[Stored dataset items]

____________

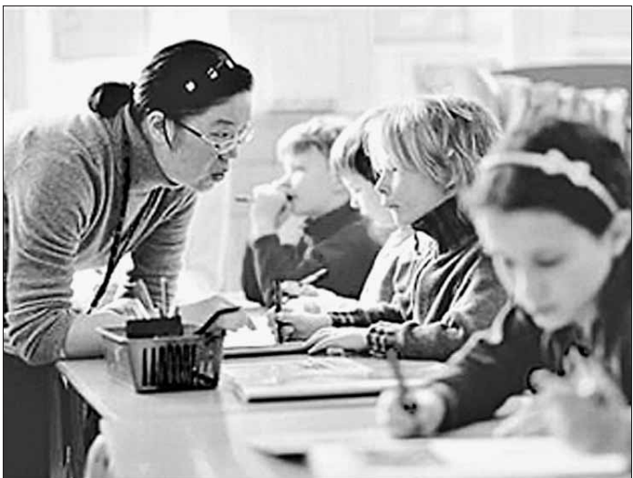
中国教师在英国小学授课。
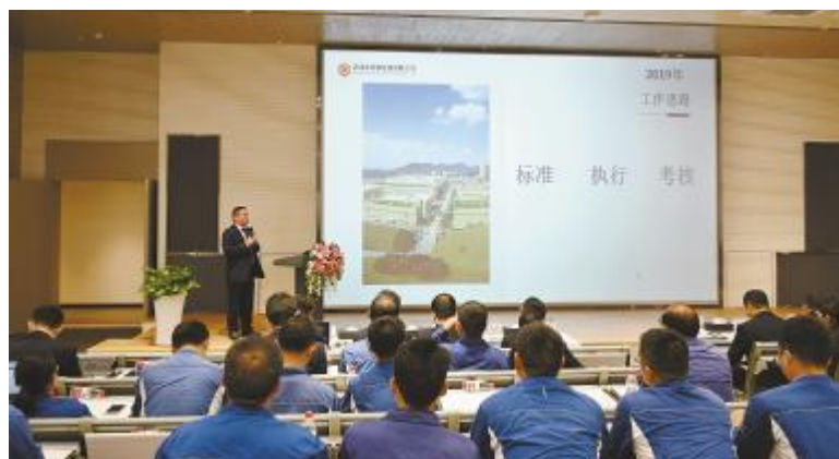
永祥新能源一季度工作总结暨二季度工作计划会成功召开
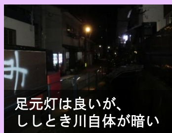
足元灯は良いが、しとき川自体が暗い
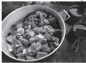
Todas as refeições servidas durante o evento, são gratuitas

Os projetos para os 20 anos da Semana Farroupilha do Ibaré, já estão no papel e nos pensamentos do casal e toda a equipe que ajuda a fazer dessa fes-
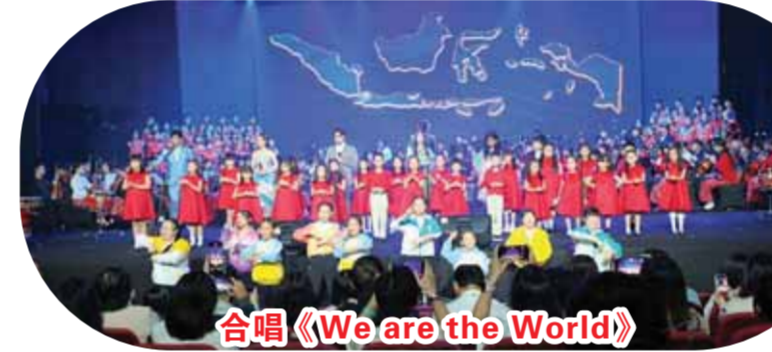
合唱《We are the World》
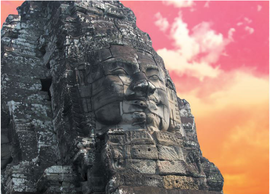
Изображение Будды из Байона
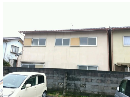
* 三ツ丸ストアから見る
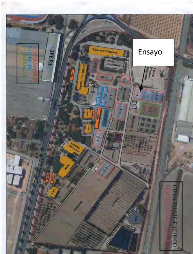
Figura 2: Plano del CIFEPA de Torre Pacheco

La superficie del ensayo será de 240 m 2 .
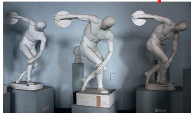
Moulages du Discobole de Myron, Université de la Sapienza, Rome.

Le sport naît en Grèce dans le courant du VI e siècle av. J.-C. Apparaissent alors les premiers stades et les premiers gymnases, se constitue le premier calendrier de compétitions sportives, se systématisent la pratique de la nudité athlétique. Mais le VI e s. voit, d'abord et avant tout, surgir une figure nouvelle dans le paysage social des cités grecques : l'athlète, individu qui consacre l'essentiel de son temps à l'entraînement et à la compétition. À travers le portrait du plus célèbre des athlètes de l'Antiquité, le lutteur multiple champion olympique Milon de Crotonne, on découvrira les conditions de naissance de la première culture sportive de l'histoire, mais aussi le quotidien des anciens sportifs, entre exercice, règles diététiques et voyages vers les sites des grands concours ? Comment se construisent les palmarès ? Quelle valeur accorde-t-on à la victoire sportive ? Comment honore-t-on les athlètes ? Quels exploits prête-t-on aux champions et quelles légendes entourent leur existence ? Dans quelle mesure cette première forme du sport peut-elle être pensée comme un avatar de la guerre ?
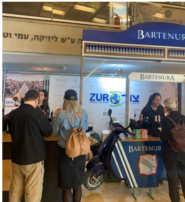
Estands en Sommelier 2022.
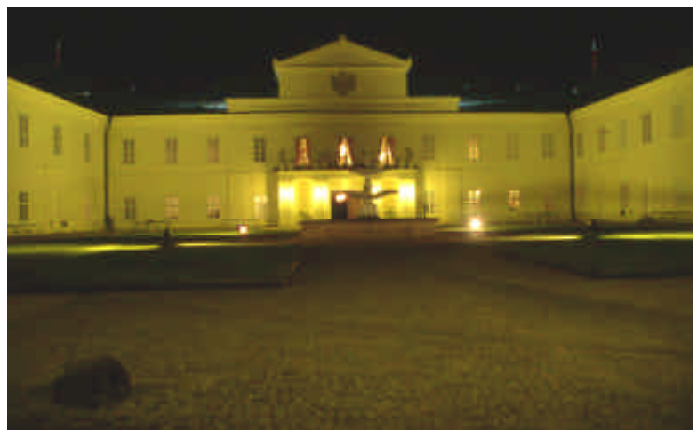
Résidence de Metternich, et aussi la notre pour la nuit !!!

Par une très petite route nous allons jusqu'à Kynzvar ou nous nous installons dans le parc . Ce soir l'ancienne résidence de Metternich est illuminée, il y a un concert .
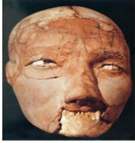
شكل رقم 10-ج: يبين الفك السفلي في أحد جماجم أريحا المجصصة عن: Bonogofsky M, 2003

مرحلتين، المرحلة الأولى تمّ ملء جميع الفجوات والندوب (محاجر العين، فراغات الأنف، تجويف الفم) بالجص الخشن الممزوج بالمغرة الحمراء. أما المرحلة الثانية فكانت بعد اكتمال المرحلة الأولى، تم وضع طبقة من الجص الناعم البني (وأحياناً بني محمر) على الوجه فقط، باستثناء إحدى الجماجم التي وضعت عليها مجموعة من الخطوط السوداء في محاولة لتشكيل الشعر 14 (الشكل 10 - أ). أما أسفل الجمجمة فقد ملئ بالجص مشكلاً قاعدة أخذت الشكل المقعر، مما يدعو إلى الافتراض أن الجماجم كانت توضع للعرض على منصة أو رفّ، والقاعدة المقعرة ستضمن وضعاً أفضل للجمجمة (الشكل 10-ب).
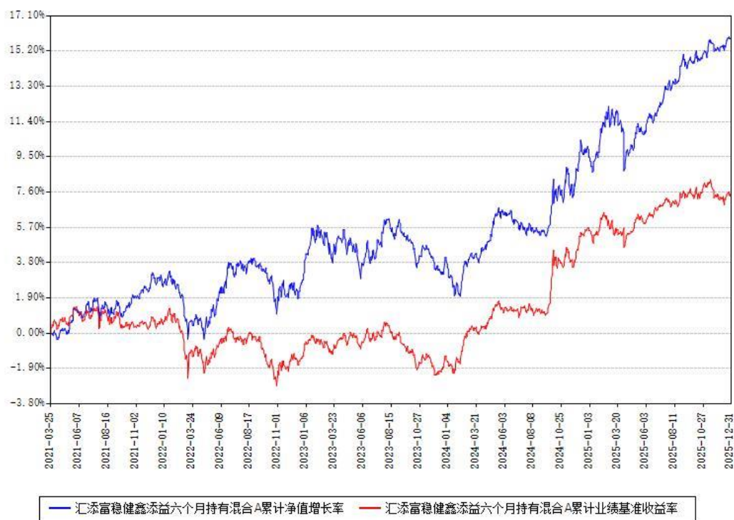
汇添富稳健鑫添益六个月持有混合A累计净值增长率与同期业绩基准收益率对比图
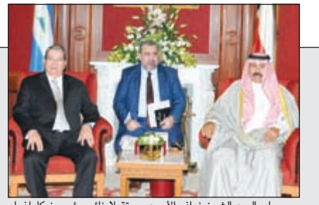
سمو ولي العهد الشيخ نواف الأحمد مستقبلاً نائب رئيس نيكا راغوا

المحمد أقام مأدبة غداء على شرف حاكم 'فرجينيا' الأميركية والوفد المرافق له 08
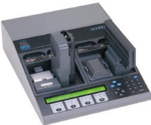
Abbildung 4: Cadex 7400 Akku-Analyser mißt den Innenwiderstand.

Cadex hat ein eigenständiges pulsierendes Verfahren entwickelt, um den Innenwiderstand der Akkus zu messen. Bekannt als OhmTest , wird der Wert in Milliohm ( m\Omega ) innerhalb von zehn Sekunden ermittelt, ohne daß der Akku entladen wird. Als ein Bestandteil der C7000 Akku-Analysen Serie läßt sich mittels des OhmTestes eine große Anzahl Akkus innerhalb Minuten durchprüfen. Diese Technik ist bei Unternehmen besonders nützlich, die Mengen von Akkus auf ihre Leistungswerte hin überprüfen müssen, bevor sie freigegeben werden.
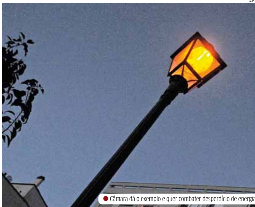
● Câmara dá o exemplo e quer combater desperdício de energia
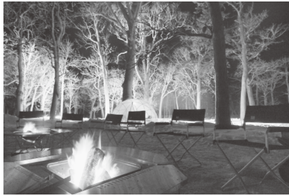
「グリーンステージ」の様子

昨年度で終了した冬のイベント「知床オーロラファンタジア」に代わり、本年新たなイベントが知床流水フェス実行委員会の主導で開催されます。 名称は「知床流水フェス」。2会場に分けて行うイベントの内容を紹介します。まず知床国設野営場で行う「グリーンステージ」では水のアートやたき火空間の提供、星空観察、流水のライトアップなどがあり、冬の大自然が創り出す幻想的な空間に、氷と雪のアートが調和した新たな世界を提供します。「グリーンステージ」は有料で一人500円です(トコさんバッチ・ドリンク付き)。オ
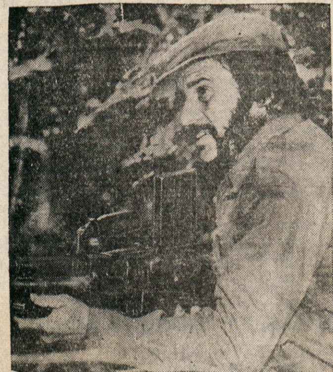
GVERILSKI VODNIK — Francisco Rabal kot vodnik rdečih gverilcev v Boliviji Che Guevara v filmu, ki ga pripravljajo o življenju in delu pokojnega gverilskega vodnika v Latinski Ameriki.
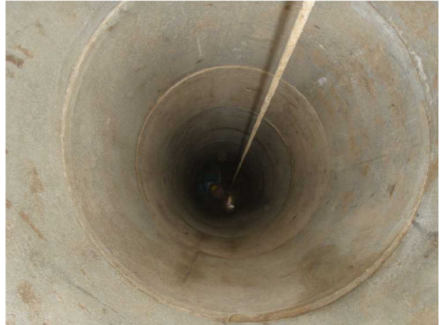
Illustration 5: Patrick est au fond, début de la montée
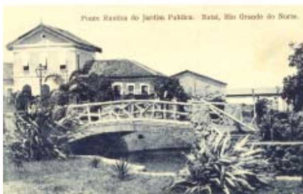
Foto acima/esquerda. Praça Augusto Severo vendo-se a ponte rústica e o canal.
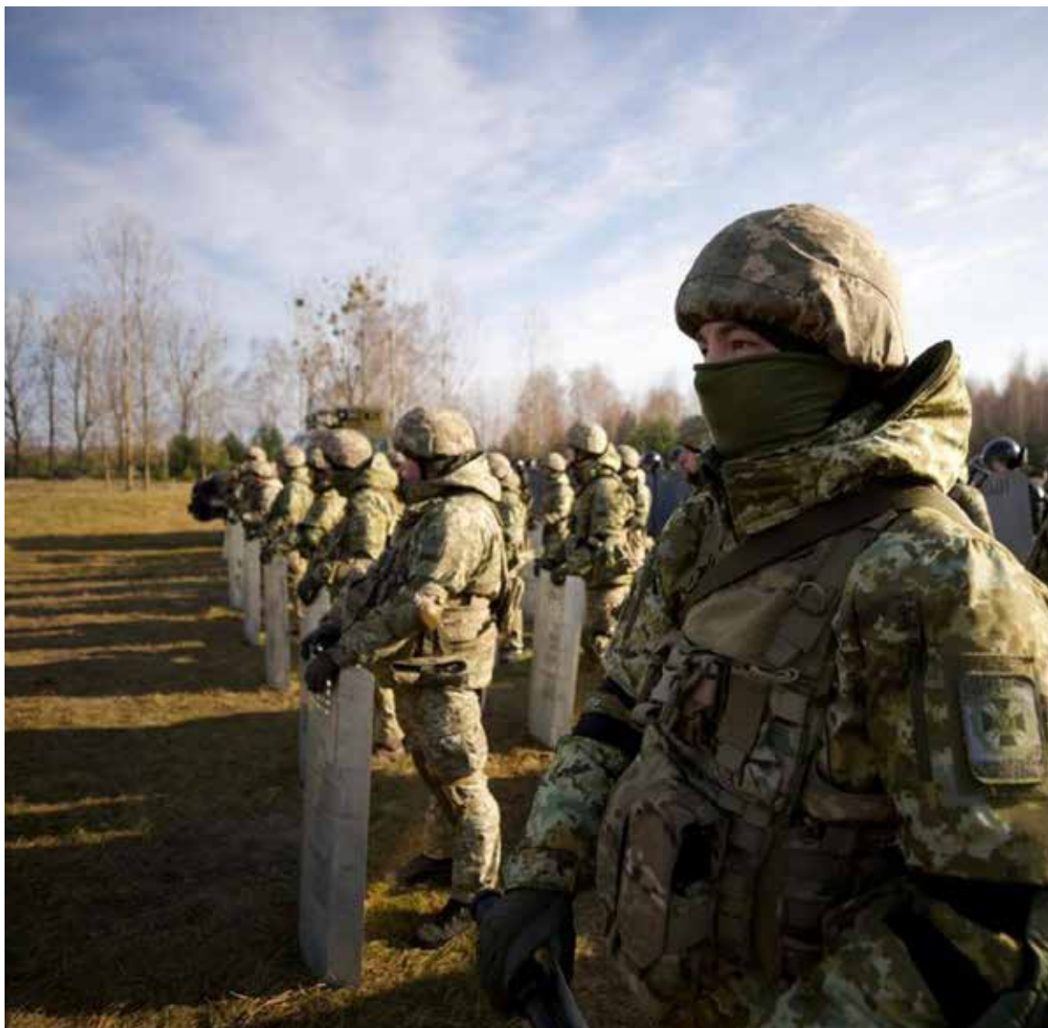
Tropas de la OTAN apoyadas por Estados Unidos en caso de presentarse invasión de tropas rusas.

El Kremlin niega estar planeando un ataque y argumenta que el apoyo de la OTAN a Ucrania —incluyendo el aumento de los suministros de armas y el entrenamiento militar— constituye una ame-

____________

# TASK GOAL
When a line of the records includes "dans", that line belongs in the answer.

# THE COMPLETED TASK
Le sport naît en Grèce dans le courant du VI e siècle av. J.-C. Apparaissent alors les premiers stades et les premiers gymnases, se constitue le premier calendrier de compétitions sportives, se systématisent la pratique de la nudité athlétique. Mais le VI e s. voit, d'abord et avant tout, surgir une figure nouvelle dans le paysage social des cités grecques : l'athlète, individu qui consacre l'essentiel de son temps à l'entraînement et à la compétition. À travers le portrait du plus célèbre des athlètes de l'Antiquité, le lutteur multiple champion olympique Milon de Crotonne, on découvrira les conditions de naissance de la première culture sportive de l'histoire, mais aussi le quotidien des anciens sportifs, entre exercice, règles diététiques et voyages vers les sites des grands concours ? Comment se construisent les palmarès ? Quelle valeur accorde-t-on à la victoire sportive ? Comment honore-t-on les athlètes ? Quels exploits prête-t-on aux champions et quelles légendes entourent leur existence ? Dans quelle mesure cette première forme du sport peut-elle être pensée comme un avatar de la guerre ?
Par une très petite route nous allons jusqu'à Kynzvar ou nous nous installons dans le parc . Ce soir l'ancienne résidence de Metternich est illuminée, il y a un concert .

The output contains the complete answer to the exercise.